The database diet: Nearline and archiving in the data warehouse
01-Oct-08
The database diet: Nearline and archiving in the data warehouse

If your database is stuffed to bursting point, nearline and archiving solutions could provide the diet it needs. But how do you know which is right for you? Arthur Ritchie, chairman and CEO at SAND, chews over the basics.
Data warehouses are increasing radically in size. To maintain acceptable performance, several techniques have been introduced, such as pre-building aggregates and KPIs, and indexing as many columns as possible in order to speed up query processing. But as they continue to grow, these tasks can no longer be performed in the available ‘batch windows’ when the warehouse is not being accessed by users and trade-offs need to be made.
Doing less pre-processing work reduces the required time but also means queries that depend on aggregates, KPIs or additional indexes may take an inordinately long time to run. It may also severely degrade performance for other users as the system attempts to do the processing on the fly.
This impasse leads to two possible choices: either stop providing the analytic functionality, making the system less valuable and users more frustrated, or put the database on a diet by moving some of the data it contains to another location.
Trimming down
Both nearline and archiving solutions can help trim down an over-expanded database. The database can be made much smaller by implementing an information lifecycle management (ILM) approach, removing unused or infrequently used, detailed transactional data from the online database and storing it elsewhere.
When the database is smaller, it will perform better and be capable of supporting a wider variety of user needs. Aggregates and KPI’s will be built from a much smaller amount of detailed transaction data. Additionally, column indexing will be more practicable as there will be fewer rows per column to be indexed.
However, it is important to stress the differences between archiving warehouse data and storing it nearline. Since both are used to hold data that has been moved out of the main online system, it is unclear to some why one would need to be implemented if the other is in place. To clarify this question and make it easier to discuss why one or the other type of system (or both) might be required in a given situation, here are the major differences between nearline and archived data:
Archive data
Normally, the concept of electronic archiving focuses on the preservation of documents or data in a form that has some sort of certifiable integrity (for example, conformity to legal requirements). It is also immune to unauthorised access and tampering, and is easily subject to certain record management operations within a defined process (for example, automatic deletion after a certain period or retrieval when requested by an auditor). The archive is in fact a kind of operational system for processing documents/data that are no longer in active use.

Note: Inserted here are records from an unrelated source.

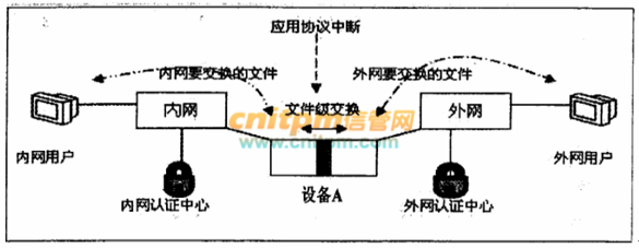 在网络规划中,政府内外网之间应该部署网络安全防护设备。在下图中部署的设备A是(55),对设备A的作用描述错误的是(56)。
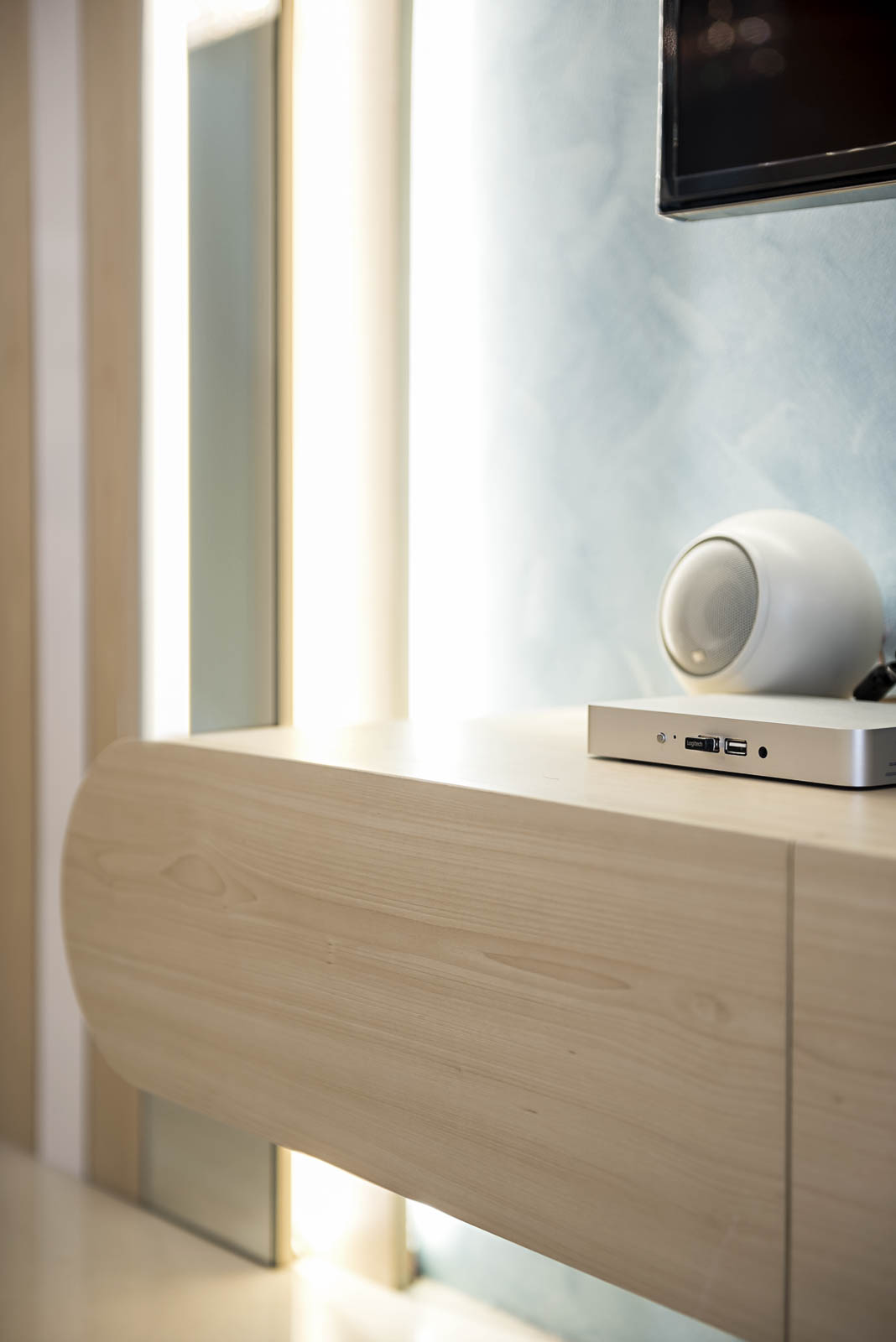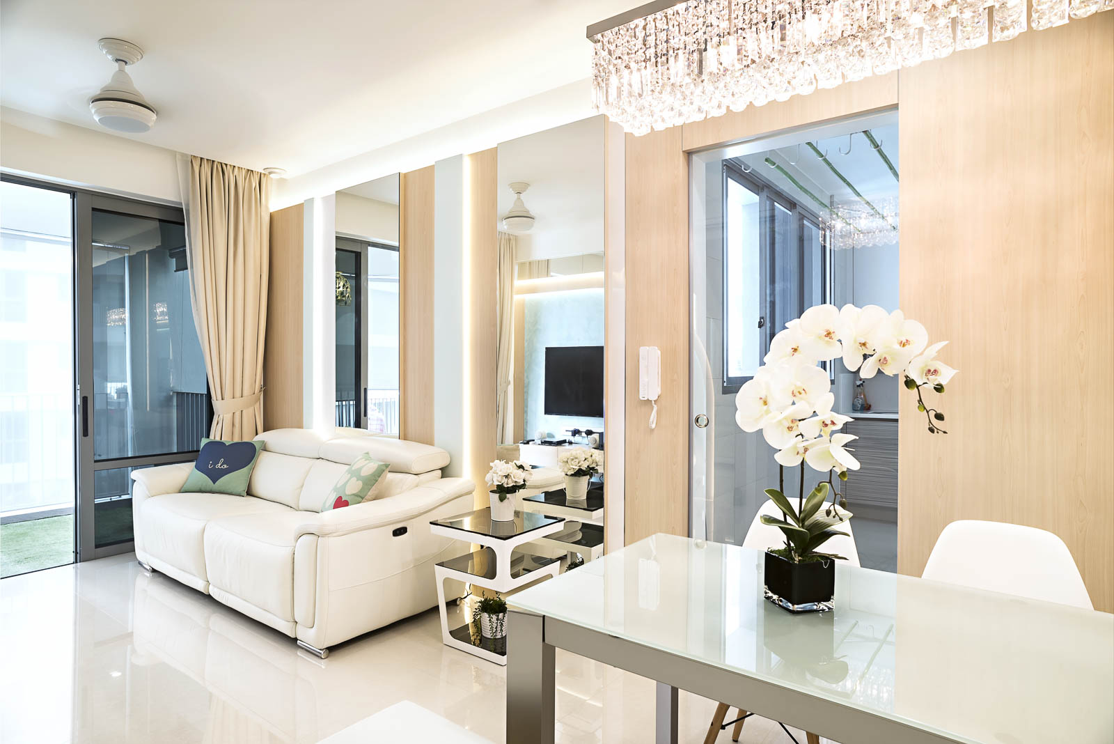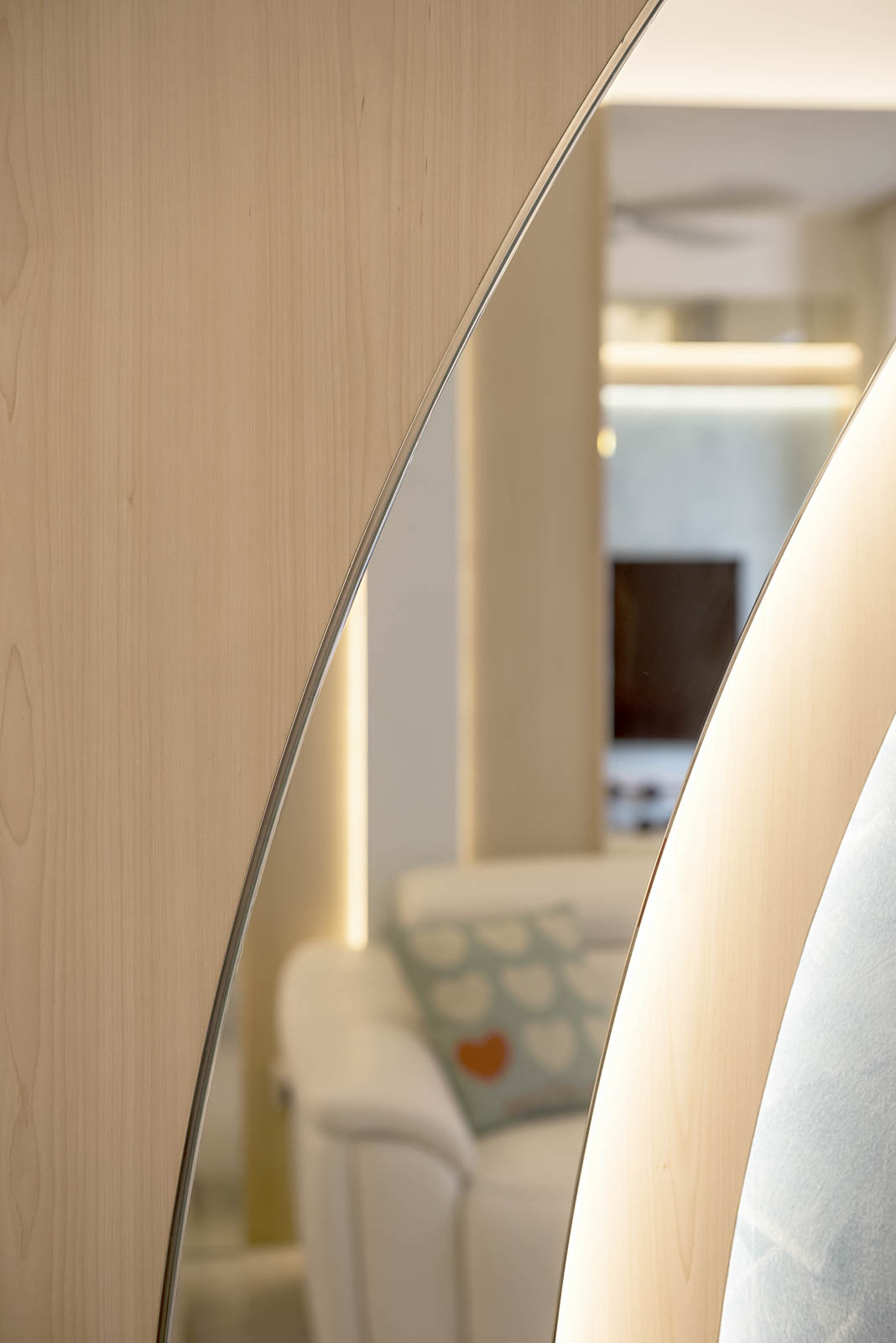 Biggest challenge of this project comes from unifying the couple's different aesthetics preferences. Yet what's beautiful in the design process comes from sieving out their common loves to create this union. Both love blue, light timber, spaciousness and mood lighting. Layered vertical panels clad in mirror, timber, white and blue laminates sets the tone for the living and dining room while we see the same verticality carried through to the master bedroom with a a richer material palette of browns and brass to give that luxurious mood that both enjoy.
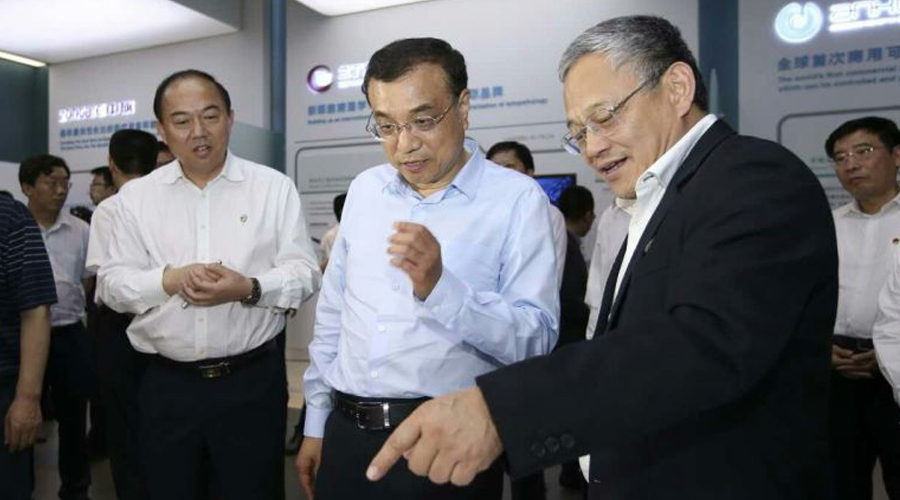 ??????? 5月23日下午,國(guó)務(wù)院總理李克強(qiáng)考察武漢光谷展示中心,在生物醫(yī)藥展區(qū)聽(tīng)取人福醫(yī)藥匯報(bào)企業(yè)創(chuàng)新成果。
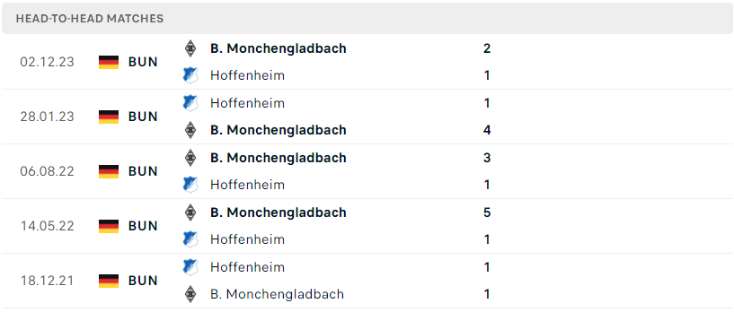 Thành tích đối đầu của Hoffenheim vs B. Monchengladbach
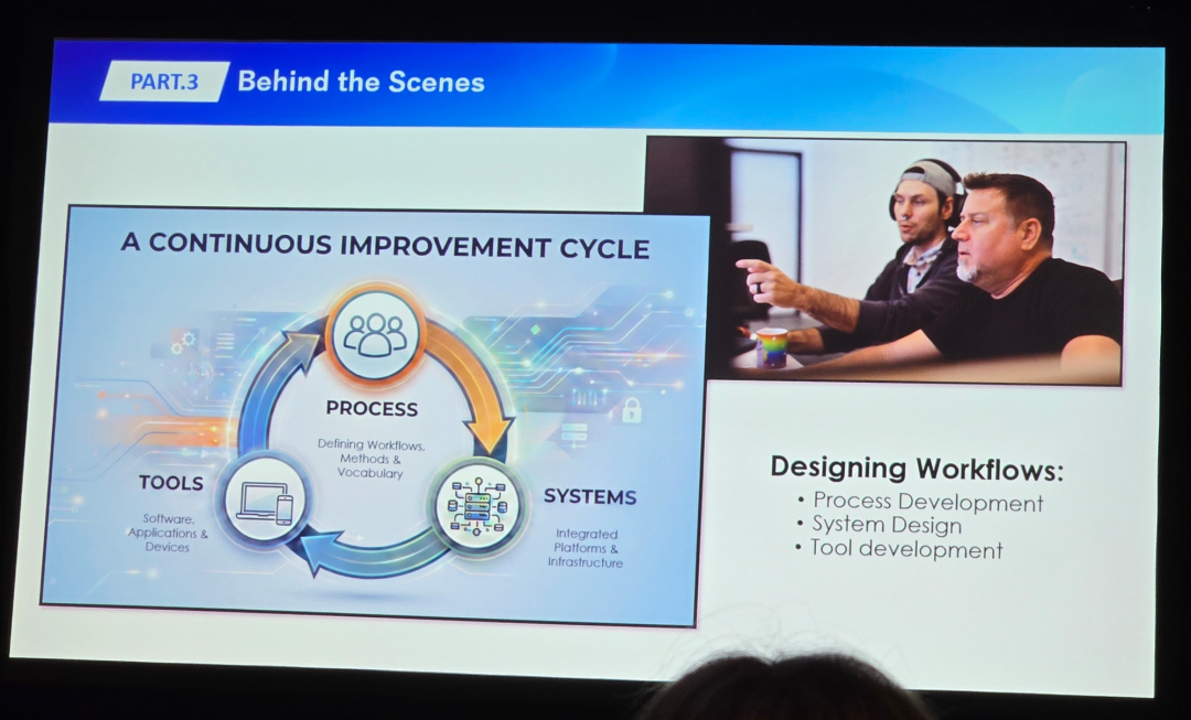 需要说明的是,我们每天都在生成 TB 级别的数据。如何聚合这些信息,并在艺术家、舞台和剪辑交付流程中有效利用它,是一个巨大的挑战。如果缺乏良好的管理方式,整个过程将变得极其复杂。这正是我们提出“有意图的信息管理”的原因。

The notion of archiving has traditionally focused on unstructured data in the form of documents but similar concepts can be applied to structured data in the warehouse. An archive for SAP Business Intelligence, for example, would preserve warehouse data that is no longer needed for analytical use but which needs to be kept around because it may be required by auditors – as would be the case if SAP BI data were used as the basis for financial statements.
The archive data does not need to be directly accessible to the user community, just locatable and retrievable in case it is required for inspection or verification – not for analysis in the usual sense. In fact, because much of the data that needs to be preserved in the archive is fairly sensitive (for example, detailed financial data), the ability to access it may need to be strictly regulated.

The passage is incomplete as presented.